Since she was a little girl, policing has played a big role in Reyna Gaudio’s life — from the day officers removed her and her siblings from an unstable home in Texas, to the moment an NYPD officer adopted her and five of her siblings.

“They’re the ones that saved me. They, you know, took me away from my situation. I saw them as angels. And then to come find out, here I am adopted by, you know, my father, who is also a police officer. And then so many years later, here I am, as a police officer as well. And I just want to pay it forward,” Gaudio said.


What You Need To Know

  • Thirty years ago, NY1 ran a story about a police officer and his wife, who adopted six siblings from Texas

  • Now, one of those children is an NYPD officer herself — helping domestic violence victims in Brooklyn

  • She says the difficult childhood she experienced before she was adopted helps her relate to the victims she works with

Her adoption was the focus of NY1 story 30 years ago, about George and Joan Schook and their decision to adopt six children all at once.

Told at Christmas time, the story aired the week their adoption became final — two years after the Schooks took in the children.

“This will be a relief, for one thing,” George Schook said at the time.

It was a relief for Gaudio too, the moment the police came to her door. Her mother struggled with addiction, and though she was just seven years old, she says she remembers praying to God.

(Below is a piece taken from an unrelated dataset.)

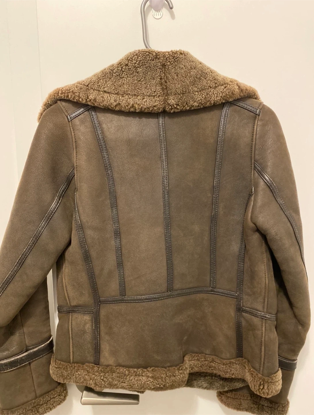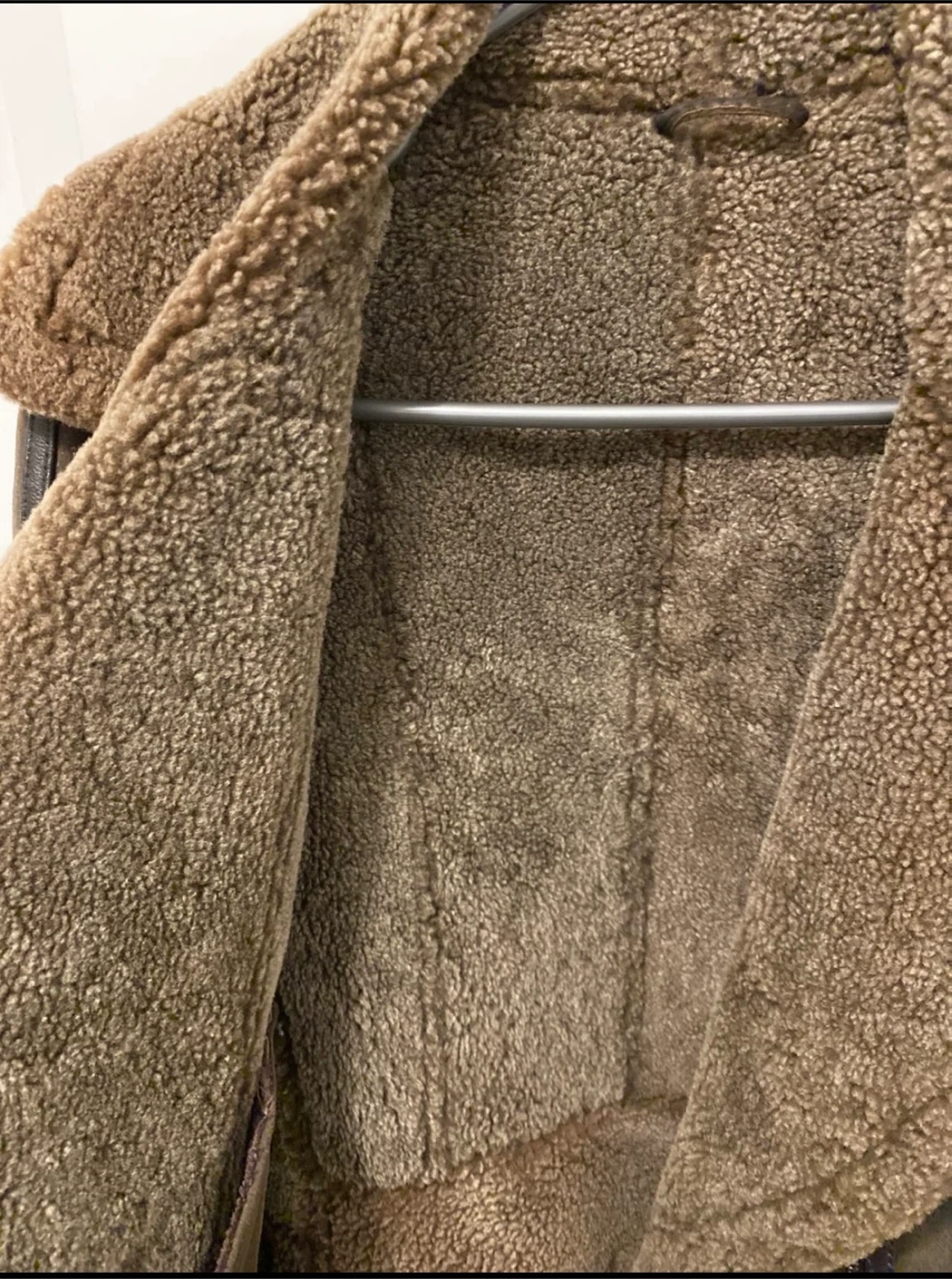 Selling a cozy shearling leather jacket in brown. It's in great condition and perfect for keeping warm during the colder months!

“Living like this is not normal. And guess what? He answered my prayers. Even though I’d seen everything, I knew that I wanted better for myself. I knew that there was better out in the world,” she said.

After time in foster care, she found it. The Schooks made her and her siblings a home. As an adult, she was inspired by her own experience as a child and by her father to join the police force — where she works in the domestic violence unit at the NYPD’s 83rd precinct in Brooklyn.

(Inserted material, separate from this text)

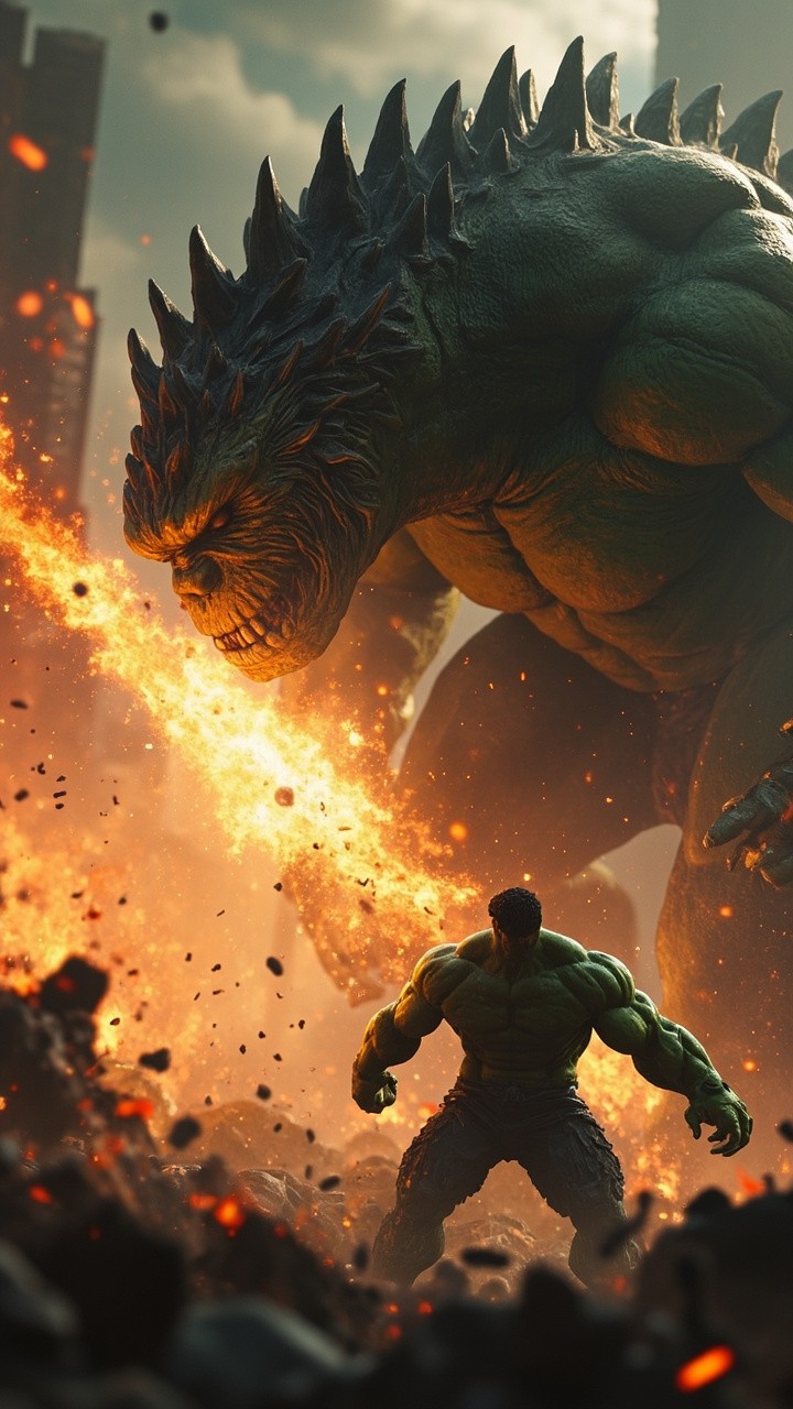 Giant Monster Breathing Fire, Hulk in Dark City 3D Action Scene

“It’s a calling for me,” she said.

Her life experience has helped her excel at her job, because she understands what victims go through.

“You see that in the results of the work, because people are so much more forthcoming with details of incidents and just a willingness to open up to Officer Gaudio,” David Poggioli, the commanding officer of the 83rd Precinct, said.

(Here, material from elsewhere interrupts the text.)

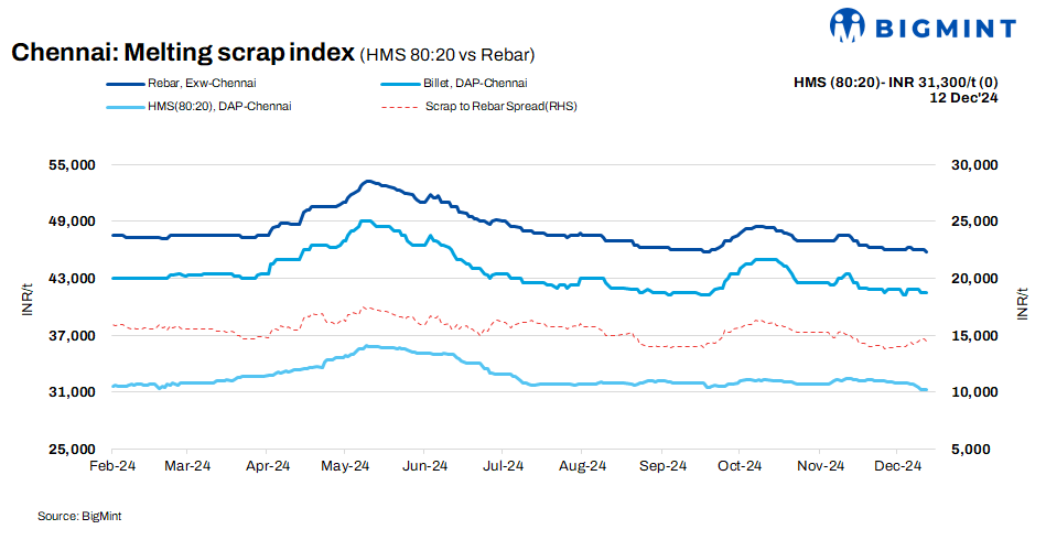 According to BigMint’s latest assessment, HMS (80:20) prices dropped INR 700/t w-o-w to INR 31,300/t in Chennai, India. However, prices remained unchanged d-o-d. Similarly, billet tags decreased by INR 300/t w-o-w to INR 41,500/t while remaining stable d-o-d. Rebar also dropped by INR 400/t w-o-w to INR 45,800/t, with a decline of INR 200/t d-o-d.

Her parents went on to adopt four more children and foster even more, always working to keep siblings together. Thirty years later, the family is still tight-knit, and plenty proud of her.

“Seeing her growing into working with domestic violence, I’m very proud of her because it’s a very difficult job today,” George Schook told NY1.

“All these struggles and everything that I went through, that makes me the person who I am,” Gaudio said. “I think I’m more compassionate. I bring a different perspective to, you know, being a police officer.”